The SEC has voted to delay the classification requirement of the open-end fund liquidity risk management rule until June 1, 2019 for large funds (over $1 Billion) and December 1, 2019 for smaller funds. The other requirements of the rule – implementing a risk management program, limiting illiquid investments to 15% of the portfolio – will still go into effect on December 1, 2018 for large funds and June 1, 2019 for smaller funds. The SEC also released a series of FAQs that provide additional guidance about how to effect the classification requirements.
OUR TAKE: The bad news is that the Clayton SEC will not rescind the liquidity risk management rule. The good news is that the SEC will provide more time and flexibility to implement its more complicated requirements.
The staff of the SEC’s Division of Investment Management has released FAQs for the new Liquidity Risk Management Rule for open-end funds and ETFs (Rule 22e-4). Most significantly, the staff will allow funds to delegate liquidity program responsibilities to a sub-adviser either in whole or in part “subject to appropriate oversight” including relevant policies and procedures. The staff also clarifies that the same investment may carry different liquidity classifications by different advisers or funds, provided the liquidity program properly supports the classification. The FAQs address several technical issues for in-kind ETFs.
OUR TAKE: Many industry participants acknowledged the broad policy goals of the liquidity rule but questioned the rule’s practical implementation. The FAQs help that process by addressing some of the outstanding questions.
The IA/BD subsidiary of a large bank agreed to pay almost $1.3 Million in disgorgement and a $1.1 Million fine for putting wrap fee clients in funds that paid a 12b-1 fee back to the selling reps. The SEC faults the firm for failing to recommend that clients move assets into lower-fee share classes as those classes became available over time. Although the firm disclosed that it may receive 12b-1 fees, it did not disclose that it actually received those fees and that lower classes were available. The SEC noted that the IA/BD made changes to qualified accounts but failed to implement similar changes to non-qualified accounts. In addition to best execution, fiduciary, and disclosure violations, the SEC criticized the firm’s compliance program because the respondent failed to update its compliance policies and procedures as institutional share classes became available.
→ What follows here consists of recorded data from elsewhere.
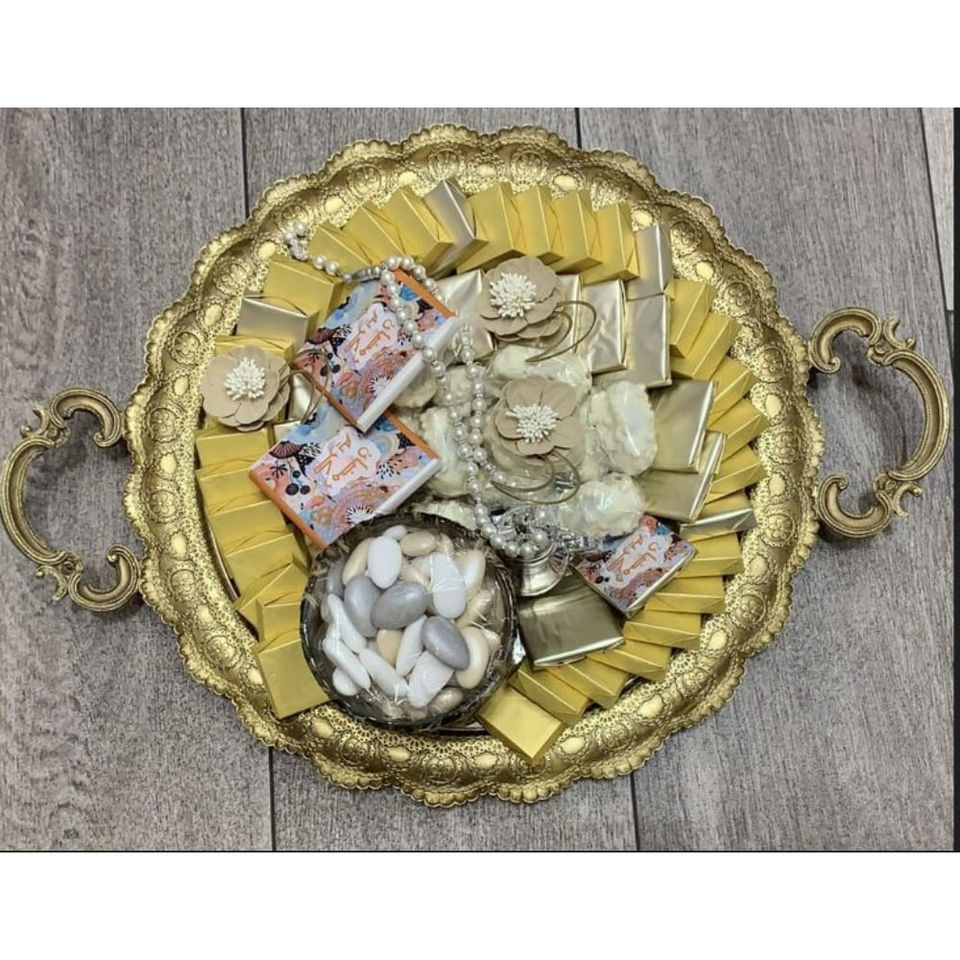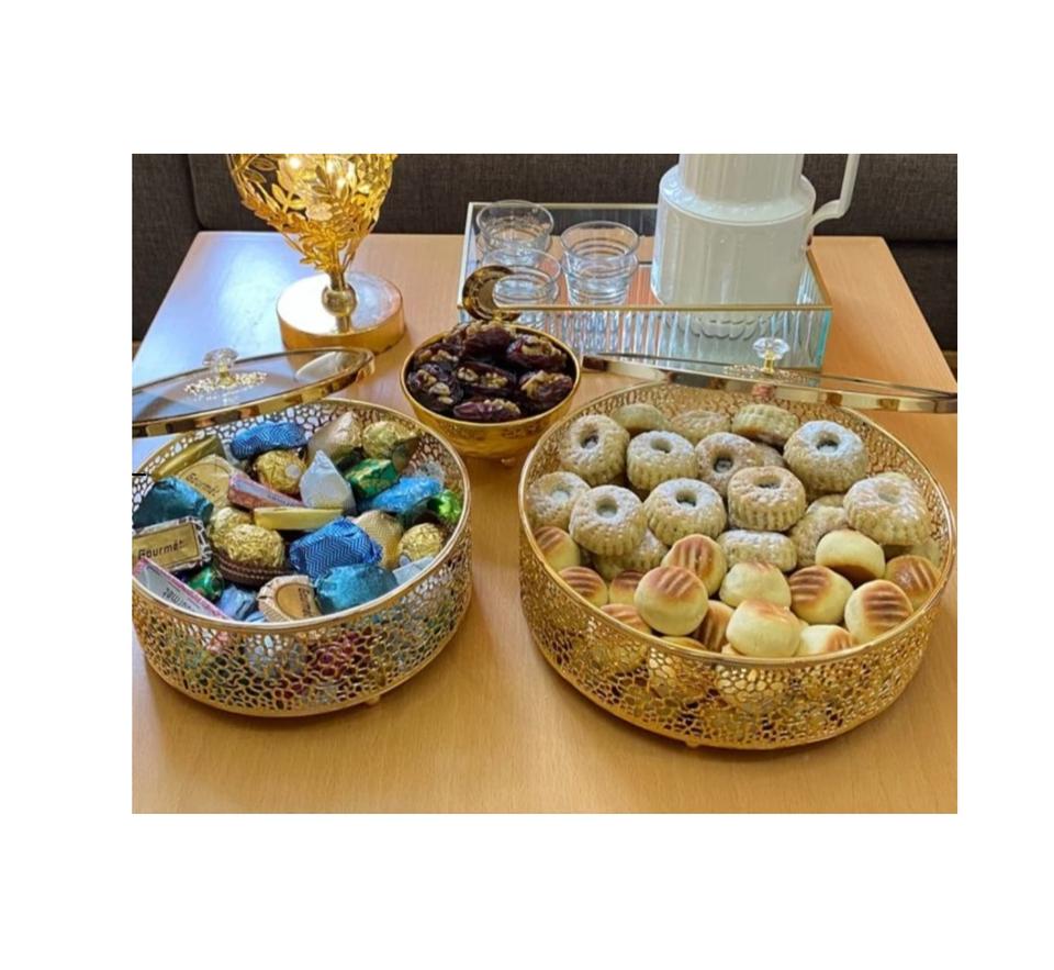 Fabuleux bol de service décoratif en chocolat doré de table design en métal bonbons au chocolat et plateaux de serveur de dattes
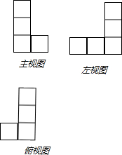 主视图有2列,每列小正方形数目分别为3,1;左视图有3列,每列小正方形数目分别为3,1,1;俯视图有2列,每列小正方形数目分别为1,3.
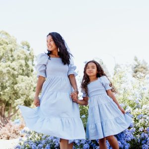 Mommy & Me Dress: Solid Blue Cotton Dress, Matching Outfit, Mom and Daughter Dress, Wedding Dress, Holiday Dress, Party Dress, Boho Dress,
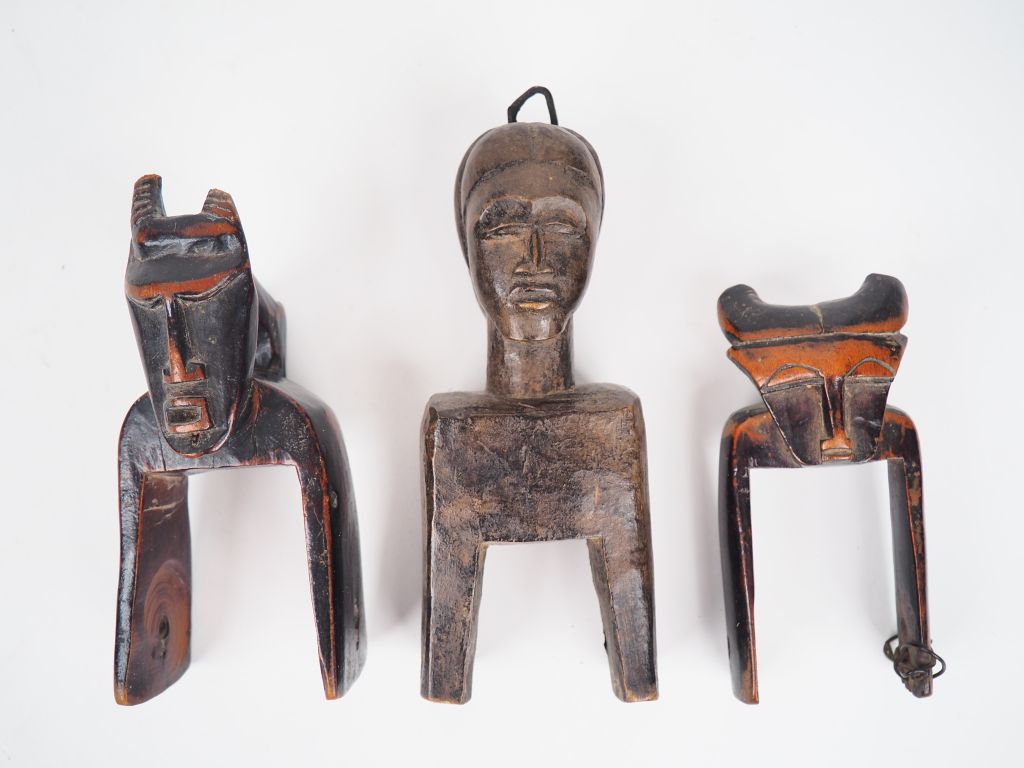 Lot de trois étriers de poulies, Côte d’Ivoire A. Baoule Bois à patine brune, fer H. 16,5 cm Sculpté au sommet de l’étrier angulaire de deux têtes janus. Anneau de suspension en fer. B. Ligbi, Djimini Bois à patine miel à brun foncé noir, accident et manque, restauration indigène H. 11 cm Orné d’un visage surmonté de cornes de buffles. Belle patine brillante et marques d’usage ancien. C. Ligbi, Djimini Bois à patine brun foncé noir, accident et manque H. 13,5 cm Surmonté d’une tête aux détails en moyen relief ornée de cornes. Expert : Emmanuelle MENUET
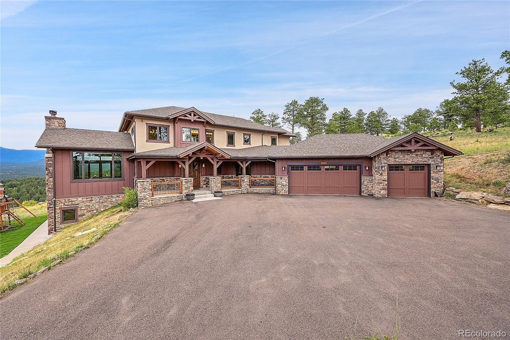 Prepare to be amazed! This stunning 5-bed, 4.5-bath residence, now available for sale, offers both elegance and tranquility. From the moment you arrive, you’ll be captivated by the home’s striking facade with elegant stone accents, a spacious 3-car garage, and a charming front porch. Nestled in a serene setting, this custom home offers a sense of privacy and peace, making it a true sanctuary. Inside, the generous living area features elegant wood flooring, vaulted ceilings with exposed beams, and a cozy fireplace. 8-foot premium solid doors add a touch of luxury throughout. The family room is perfect for relaxation and gatherings. The kitchen boasts 42" wood cabinets, granite countertops, and a stylish tile backsplash, equipped with all the built-in appliances needed for culinary adventures. The serene primary bedroom offers plush carpeting and private balcony access. The ensuite bathroom provides a spa-like retreat with a separate tub and shower, while the spacious walk-in closet ensures ample storage. For peace of mind, the home includes a state-of-the-art fire suppressant system. The backyard is designed for relaxation and entertainment with low-maintenance artificial turf, a patio off the walk-out basement, and a deck to enjoy breathtaking mountain views. This property is a haven for those seeking a retreat with unparalleled vistas and comfort. Conveniently located near Highway 285, this home provides easy access to Colorado’s premier recreation destinations. It’s just 45 minutes to Denver and 90 minutes to ski resorts. What are you waiting for? This remarkable home, offering privacy, serene living, luxurious features, and enhanced safety, won’t last long—act now to make it yours!
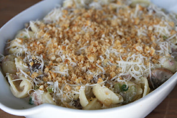 Last month when I was interviewed for the New York Times my conversation with the interviewer at one point got on the subject of foods from my childhood that I hold a fondness for. Without hesitation I started talking about casseroles. When I was a kid we ate lots of cream-of-something soup casseroles. As much as we like to get “foodie” around here, those retro condensed soup casseroles are some of my most favorite comfort foods and I still make many of them for my family. One of my favorites back then was tuna noodle. I’m sure my Mom made it the same way lots of people do, with cream of mushroom soup and cheddar cheese, and potato chips on top. That layer of crunchy potato chips melted into gooey cheese was my faaaaavorite thing. We’d always conveniently scoop our servings horizontally, as to scrape off as much of the topping as possible. Kate and I have gotten a lot of requests for a tuna noodle casserole over the past few years, and since one of my New Year’s resolutions was to cook more fish at home (seriously; lose weight, start doing laundry on a regular basis, and eat more fish. The only one I’m totally sucking at is laundry. I should stop making that goal.) I thought this would be a fun recipe to makeover.
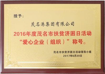 • 2016年度茂名市扶貧濟(jì)困日活動(dòng)“愛(ài)心企業(yè)(組織)”稱(chēng)號(hào)
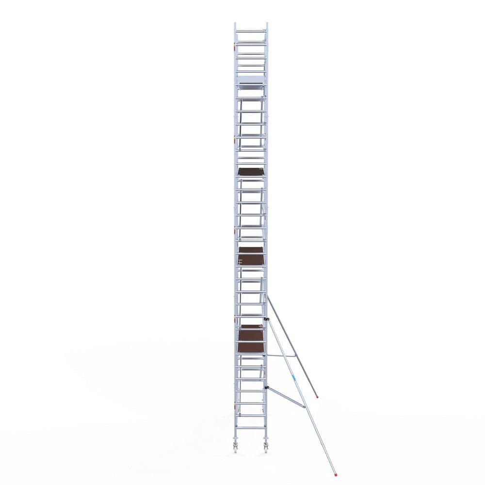 Unsere Rollgerüste sind in verschiedenen Breiten erhältlich, typischerweise 75 cm, 90 cm und 135 cm, abhängig vom jeweiligen Modell und der Produktlinie (semi-professionell oder professionell). Die 75 cm Breite ist ideal für beengte Räume, während 135 cm maximale Arbeitsfläche bietet.

OUR TAKE: A compliance program is not a static exercise that you can set and forget. As the markets and the business changes, firms must continuously review policies and procedures to determine if they still make sense given new realities. In this case, the wider availability of institutional share classes necessitated changes to the firm’s compliance practices.
An RIA was censured and agreed to pay disgorgement for failing to offer the lowest-fee mutual fund share classes available and failing to adequately disclose compensation paid to its affiliated broker-dealer. The RIA recommended third party mutual funds to 403(b) and IRA clients, who directed the investments. The SEC faults the respondent for recommending Class A shares that paid 12b-1 fess to its affiliated broker and failing to make available lower-fee institutional shares. The SEC also cites the insufficiency of various disclosures that generally discussed payment of 12b-1 fees but failed to specifically explain that an affiliate would receive the trailers. The SEC charges the RIA with violations of the compliance rule (206(4)-7) for failing to adopt and implement adequate policies and procedures around conflicts of interest, disclosure, and mutual fund share class selection.
OUR TAKE: We believe that the SEC wants advisers to offer the lowest share class available and refrain from accepting any form of revenue sharing compensation. We think that the SEC will find inadequate even the most robust disclosures and procedures because of the inherent conflict of interest.